Work order ▸ Each line of the records that includes "реставрації" should be found and copied.

Information supplied ▸
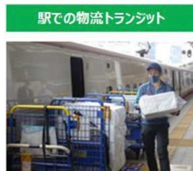
駅での物流トランジット
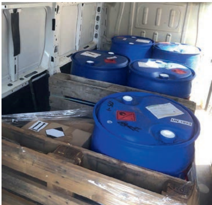
Přijela dlouho očekávaná objednávka dezinfekce z Německa pro občany města Holic
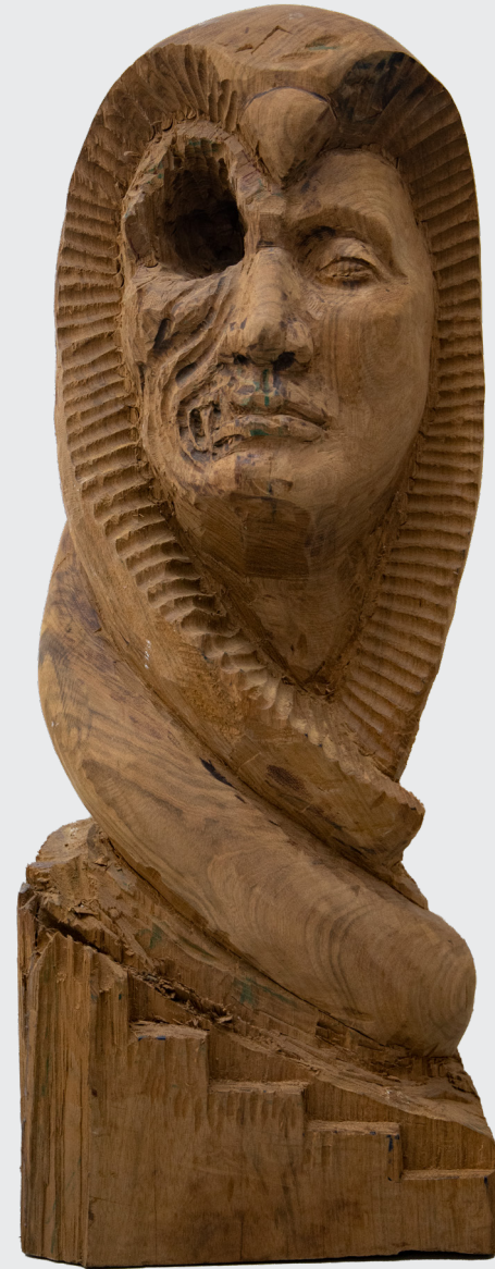
KAROLAIN FARFÁN PÉREZ GUERRERO MOCHE Talla en madera 76 x 30 x 30 cm
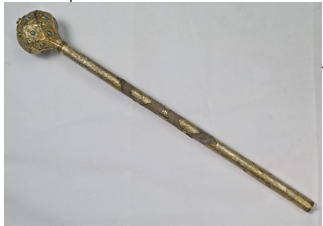
Рис. 2. Булава (інв. № 3-1647) після реставрації

Процес реставрації булави задокументовано у класичному підручнику «Реставрація творів з металу» 8 . (Рис. 1а, Рис. 1б)

Exercise output ▸
Рис. 2. Булава (інв. № 3-1647) після реставрації
Процес реставрації булави задокументовано у класичному підручнику «Реставрація творів з металу» 8 . (Рис. 1а, Рис. 1б)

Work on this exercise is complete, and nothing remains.